ただし将来もらえる年金も大幅に増えるわけではないので、手取りが減るというデメリットの方が大きいでしょう。
仮に年収106万円の場合、
- 年間で手取りが約15万円減る。(健保・年金含めて)
- 将来受け取る年金が年間で約5700円増える
- 年間で手取りが約15万円減る。

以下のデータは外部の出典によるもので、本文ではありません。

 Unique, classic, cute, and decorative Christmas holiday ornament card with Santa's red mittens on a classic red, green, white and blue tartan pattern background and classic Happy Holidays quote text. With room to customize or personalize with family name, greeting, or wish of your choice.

(健保・年金含めて)
- 将来受け取る年金が年間で約600円増える
ということになります。
元を取るには約28年間、つまり93歳以上長生きしなければなりません。
※年金だけであれば17年間
デメリット
主なデメリットは「手取りの減少」です。
106万円の壁の撤廃により、手取りが減ってしまうパート・アルバイトの方が増えることになります。
また負担が増えるのは従業員だけではありません。
従業員が社会保険に加入となると、負担するのは
従業員と企業の折半になります。
そうすると企業側の負担も増えることになります。
特に中小企業にとっては大きな負担となるでしょう。
106万円の壁の撤廃はいつから?
106万円の壁の撤廃の開始時期はまだ決まっていません。
2025年の通常国会に関連法案提出を目指している段階のため、
少なくとも制定されるのはそれ以降になります。
106万円の壁の撤廃の開始時期はまだ決まっていません。
まとめ
今回は【106万円の壁は撤廃】について解説しました。
要点をまとめると下記になります。
- 106万円の壁とは、これを超えると厚生年金や健康保険などの社会保険料が発生するというボーダーラインのこと
- 106万円の壁の撤廃は、106万円という壁を撤廃し週20時間以上働いている労働者に対して社会保険料が発生するというもの
- 「106万円の壁」→「週20時間の壁」に変わる
- 撤廃の目的は、社会保険の加入者を増やすため。
- この撤廃で約200万人が新たに社会保険に加入することになる。
- 106万円の壁の撤廃する時期はまだ決まっていない。